Version 0.4.1 of gratia has been released to CRAN. Version 0.4.0 existed for a short while but the release to CRAN was pulled because of a last minute change needed to accommodate v 1.0.0 of dplyr that had gone overlooked in the testing for 0.4.0.

This gave me an opportunity to fix an additional bug (#73) as well.

The full list of changes is reproduced below for version 0.4.1 and 0.4.0.

gratia 0.4.1

User visible changes

  • draw.gam() with scales = "fixed" now applies to all terms that can be
    plotted, including 2d smooths.

    Reported by @StefanoMezzini #73

Bug fixes

  • dplyr::combine() was deprecated. Switch to vctrs::vec_c().

  • draw.gam() with scales = "fixed" wasn't using fixed scales where 2d smooths
    were in the model.

    Reported by @StefanoMezzini #73

gratia 0.4.0

New features

  • draw.gam() can now include partial residuals when drawing univariate smooths.
    Use residuals = TRUE to add partial residuals to each univariate smooth that
    is drawn. This feature is not available for smooths of more than one variable,
    by smooths, or factor-smooth interactions (bs = "fs").

  • The coverage of credible and ocnfidence intervals drawn by draw.gam() can be
    specified via argument ci_level. The default is arbitrarily 0.95 for no
    other reason than (rough) compatibility with plot.gam().

    This chance has had the effect of making the intervals slightly narrower than
    in previous versions of gratia; intervals were drawn at ± 2 ×
    the standard error. The default intervals are now drawn at ± ~1.96
    × the standard error.

  • New function difference_smooth() for computing differences between factor
    smooth interactions. Methods available for gam(), bam(), gamm() and
    gamm4::gamm4(). Also has a draw() method, which can handle differences of
    1D and 2D smooths currently (handling 3D and 4D smooths is planned).

  • New functions add_fitted() and add_residuals() to add fitted values
    (expectations) and model residuals to an existing data frame. Currently methods
    available for objects fitted by gam() and bam().

  • data_sim() is a tidy reimplementation of mgcv::gamSim() with the added
    ability to use sampling distributions other than the Gaussian for all models
    implemented. Currently Gaussian, Poisson, and Bernoulli sampling distributions
    are available.

  • smooth_samples() can handle continuous by variable smooths such as in
    varying coefficient models.

  • link() and inv_link() now work for all families available in mgcv,
    including the location, scale, shape families, and the more specialised
    families described in ?mgcv::family.mgcv.

  • evaluate_smooth(), data_slice(), family(), link(), inv_link() methods
    for models fitted using gamm4() from the gamm4 package.

  • data_slice() can generate data for a 1-d slice (a single variable varying).

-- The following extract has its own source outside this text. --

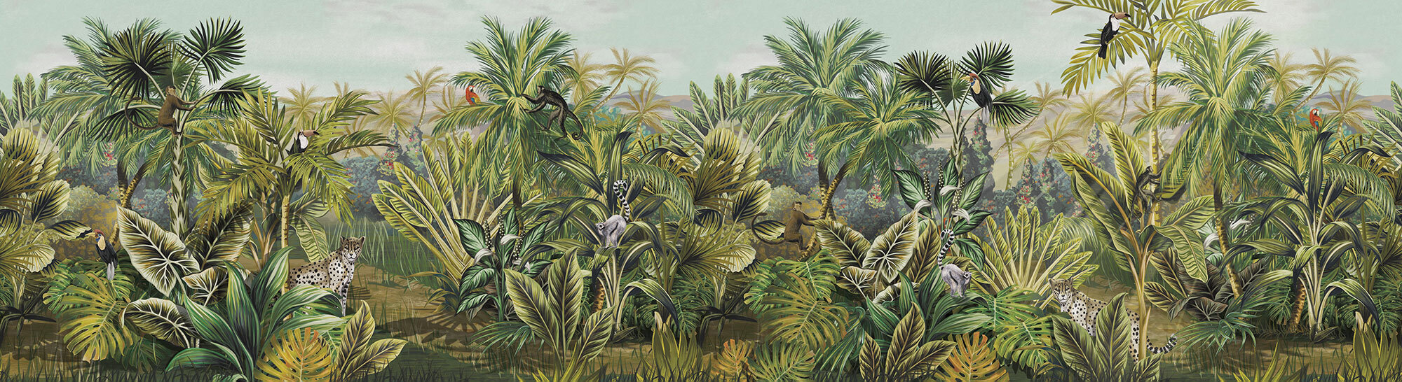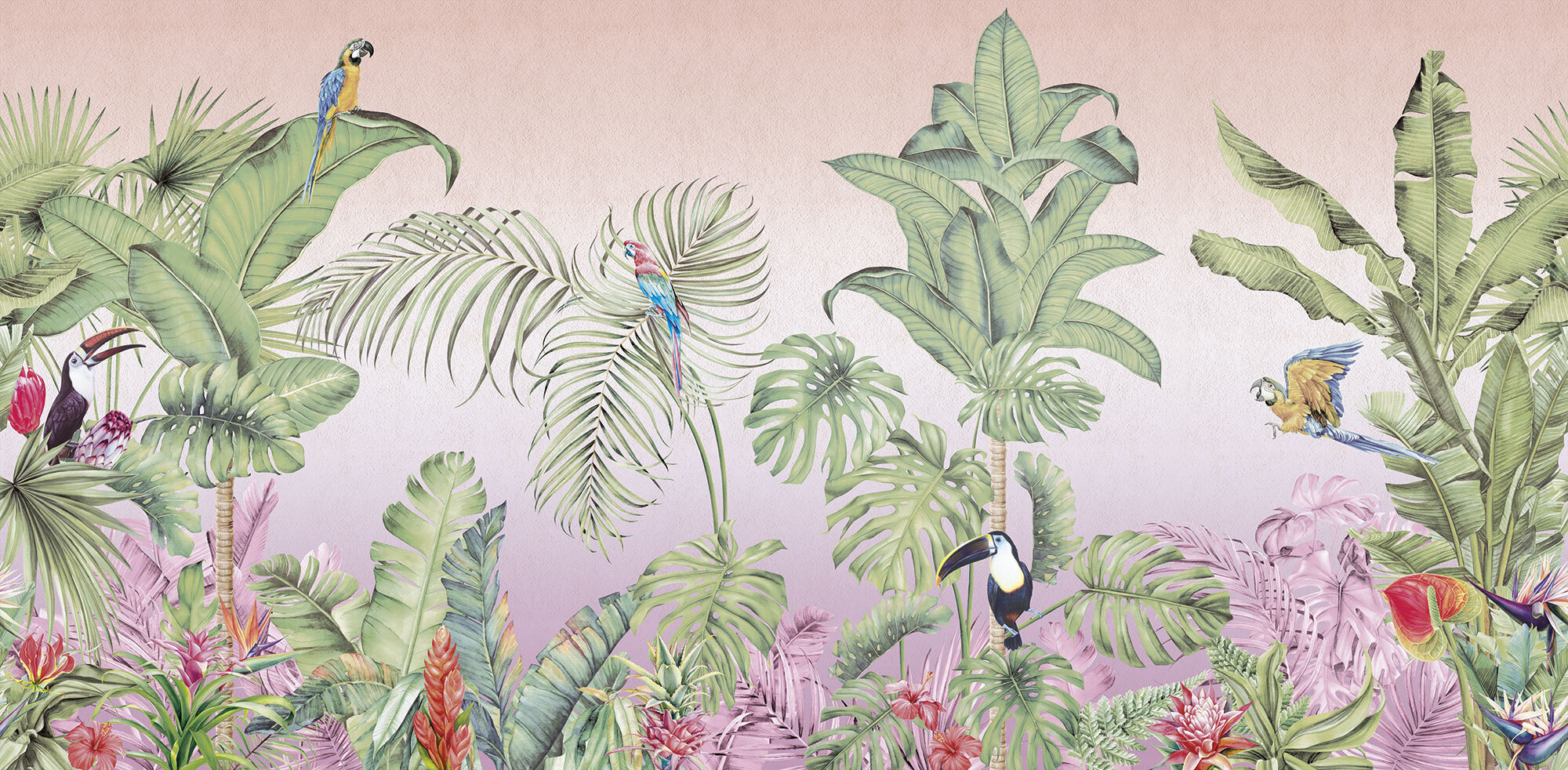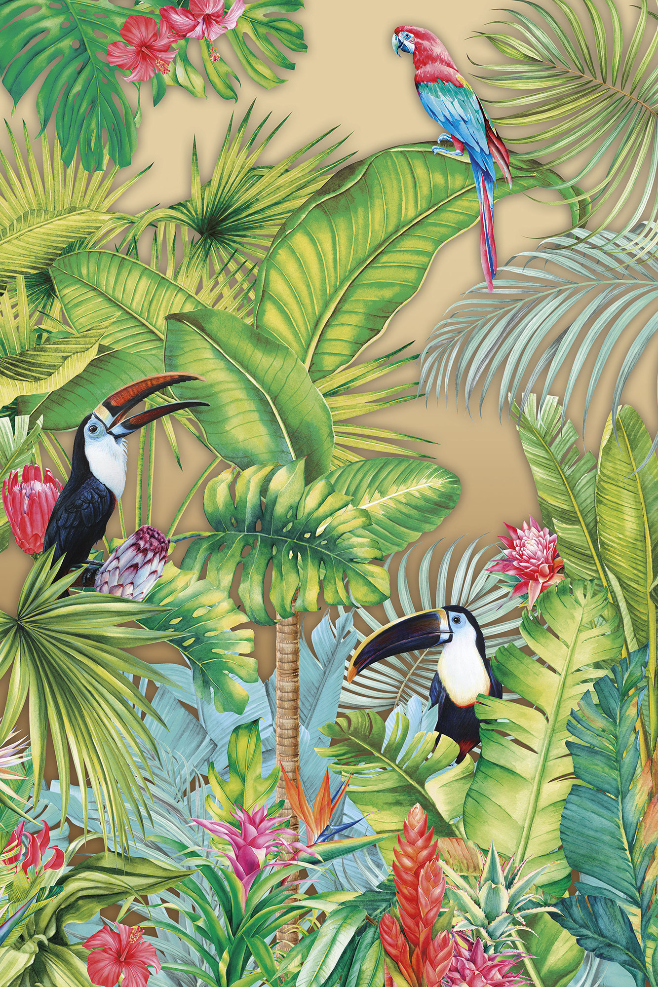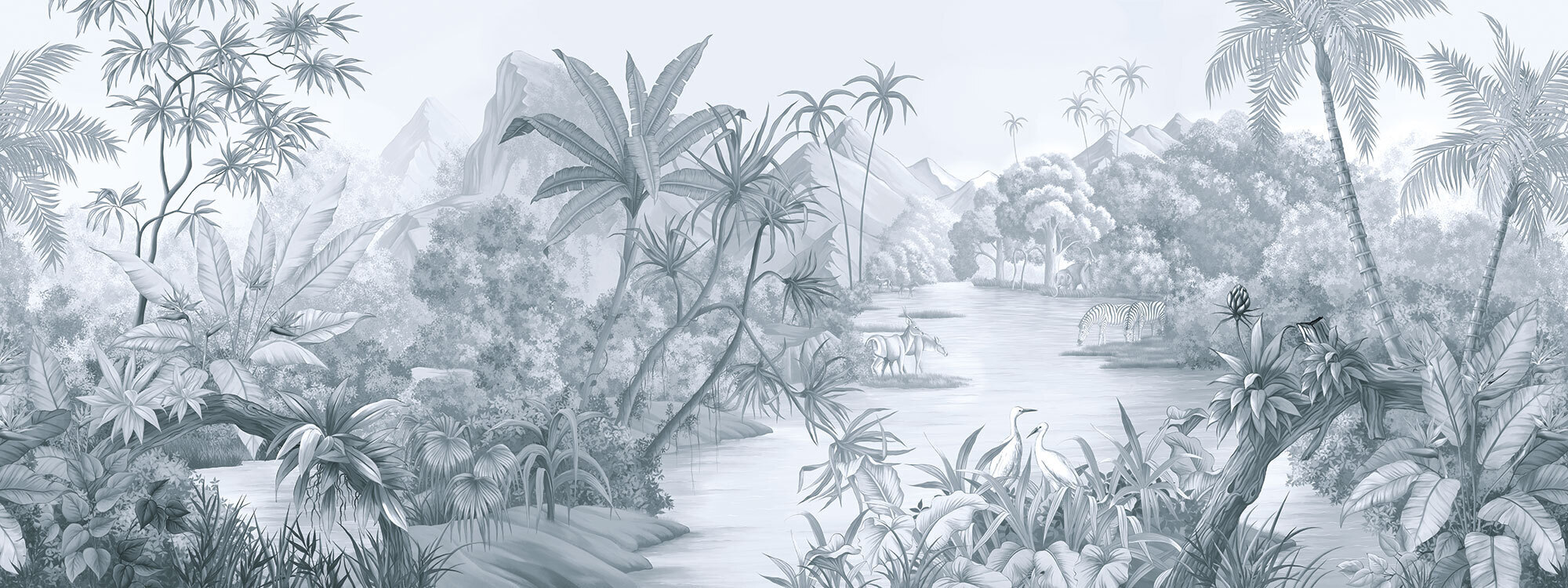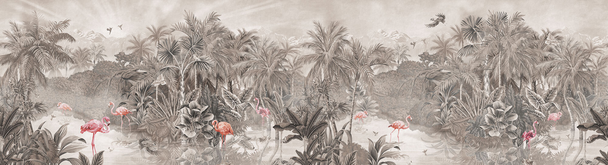 В новой коллекции «It`s Jungle» вы найдёте панорамные тропические пейзажи, которые поражают своей глубиной и «живой» перспективой, а также тщательной прорисовкой и цветовой гармонией. Каждый сюжет позволит вам почувствовать близость к дикой природе: ощутить освежающую прохладу тенистых зарослей или палящий полуденный зной, встречать рассветы и закаты в компании изящных фламинго, игривых попугаев и других обитателей тропического леса.

  • The colour of the points, reference lines, and simulation band in appraise()
    can now be specified via arguments

    • point_col,
    • point_alpha,
    • ci_col
    • ci_alpha
    • line_col

    These are passed on to qq_plot(), observed_fitted_plot(),
    residuals_linpred_plot(), and residuals_hist_plot(), which also now take
    the new arguments were applicable.

  • Added utility functions is_factor_term() and term_variables() for working
    with models. is_factor_term() identifies is the named term is a factor using
    information from the terms() object of the fitted model. term_variables()
    returns a character vector of variable names that are involved in a model
    term. These are strictly for working with parametric terms in models.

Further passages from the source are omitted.